1947 - The U.N. Security Council voted to appoint the United States as trustee for formerly Japanese-held Pacific islands.

1960 - France signed an agreement with Madagascar which proclaimed the island an independent state within the French community.

1966 - Cecil Scott Forester, author of the Captain Hornblower novels, died. He also wrote ''The African Queen'', which was made into a hugely successful film.

1974 - French president Georges Pompidou died in office.

1982 - Argentina invaded the Falkland Islands and overthrew the British administration. The protectorate had been held by Britain since 1832.

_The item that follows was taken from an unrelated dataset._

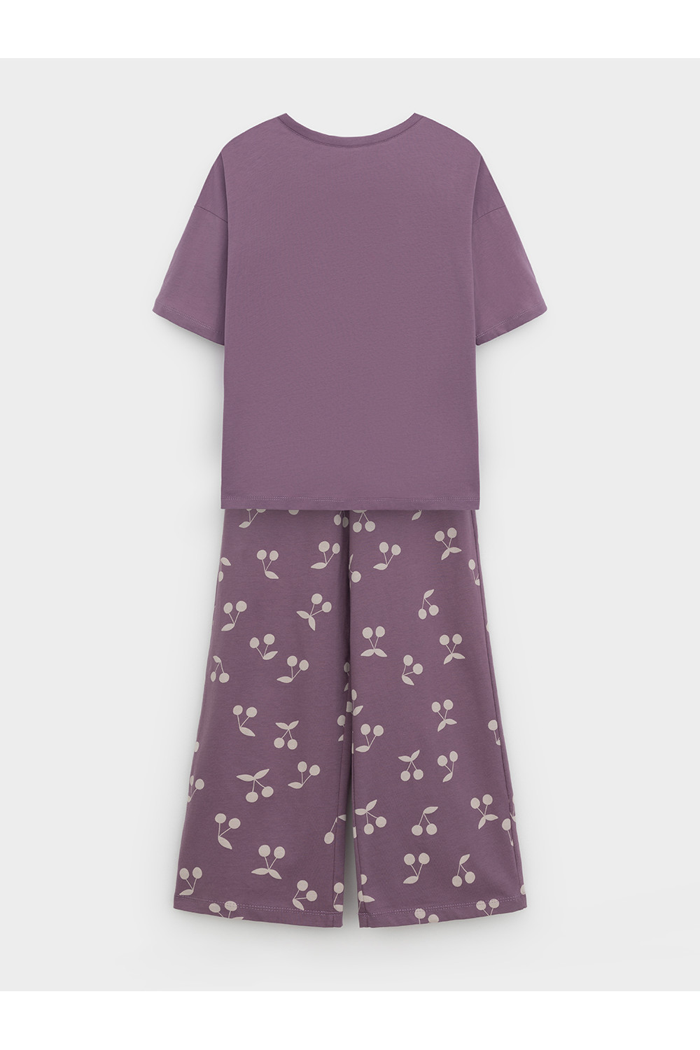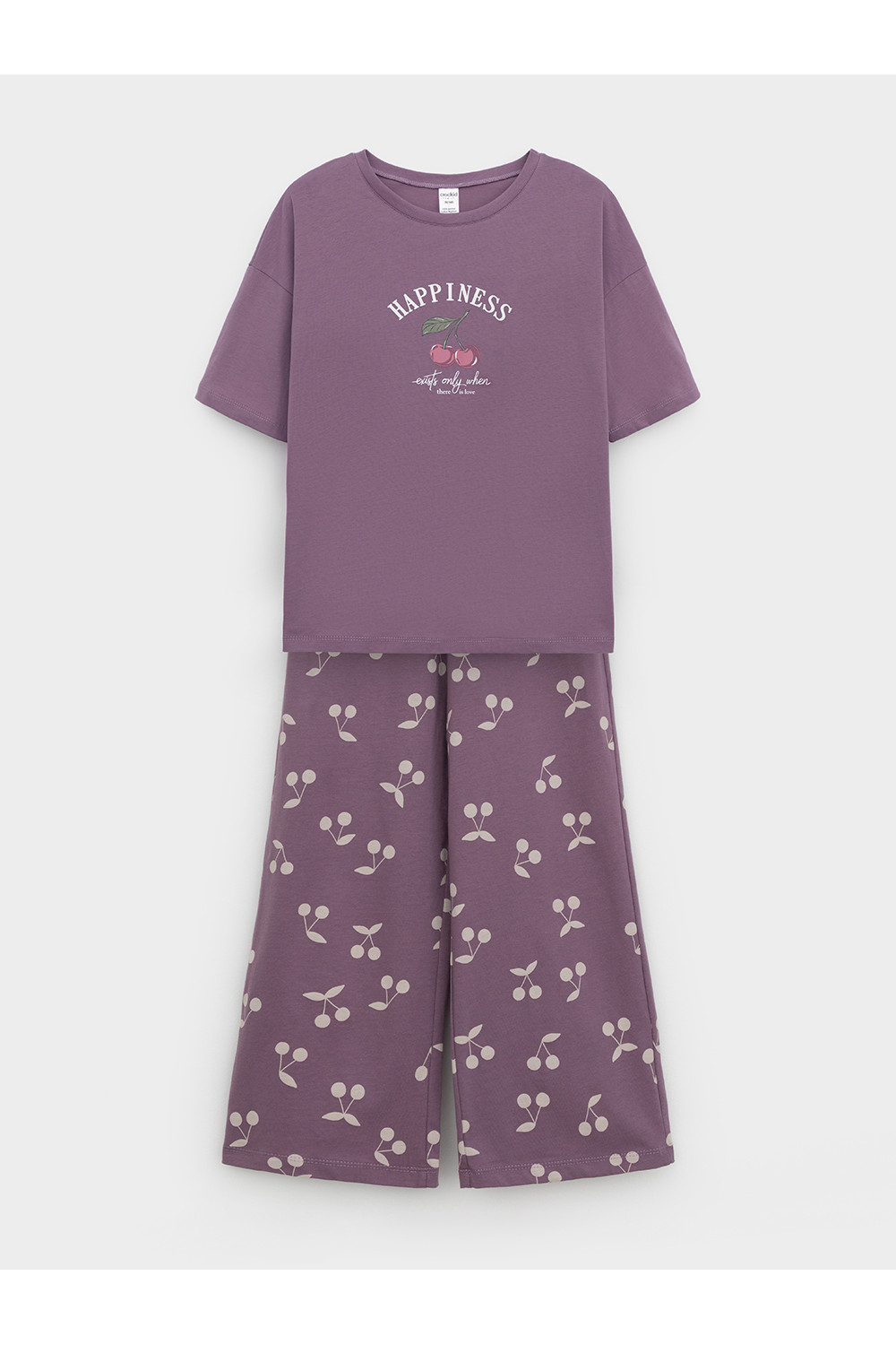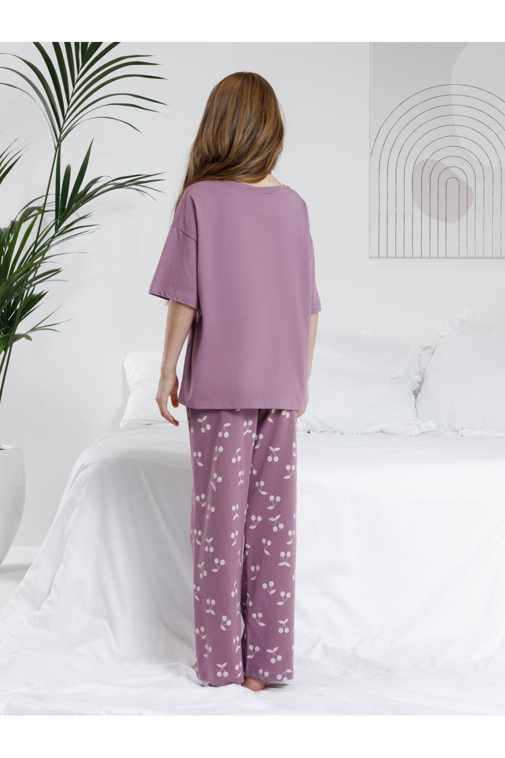 Трикотажная пижама из натурального хлопка для комфортного сна и отдыха. Футболка с короткими спущенными рукавами и прямые брюки с мягкой эластичной резинкой в поясе изготовлены из гладкого трикотажа супрем. Оригинальная набивка и принт выполнены из стойких текстильных гипоаллергенных красителей. Изделие сохраняет цвет и форму после многократных стирок. Все трикотажные полотна производятся в соответствии с нормами швейцарского сертификата ЭкоТекс.

1990 - President Saddam Hussein threatened to incinerate half of Israel with advanced chemical weapons if it joined what he called a big-power conspiracy against Iraq.

1991 - Price rises of up to 200 per cent for basic goods and public transport went into effect throughout the Soviet Union.

1992 - Mafia boss John Gotti, nicknamed ''Teflon Don'' after earlier attempts to try him, was convicted of murder and racketeering in New York.

1998 - Maurice Papon, an official in collaborationist Vichy France, was convicted of arresting Jews to be sent to Nazi death camps in 1942-1944 when he was secretary-general of the Bordeaux prefect's office.

2000 - Tommaso Buscetta, the first Mafia boss to turn his back on Sicily's notorious Cosa Nostra and tell its secrets to investigators, died at 71.

2001 - Officials at Merck&Co. Inc. said that an experimental AIDS vaccine forged from the virus that causes the common cold, blocked the disease from developing into its full-blown stage in laboratory monkeys.

2004 - NATO expanded to 26 members when former communist countries Bulgaria, Estonia, Latvia, Lithuania, Romania, Slovakia and Slovenia joined the organisation.

2005 - Polish-born Pope John Paul II, who headed the Roman Catholic Church for 26 years and played a crucial role in the fall of communism in Europe, died. He was 84.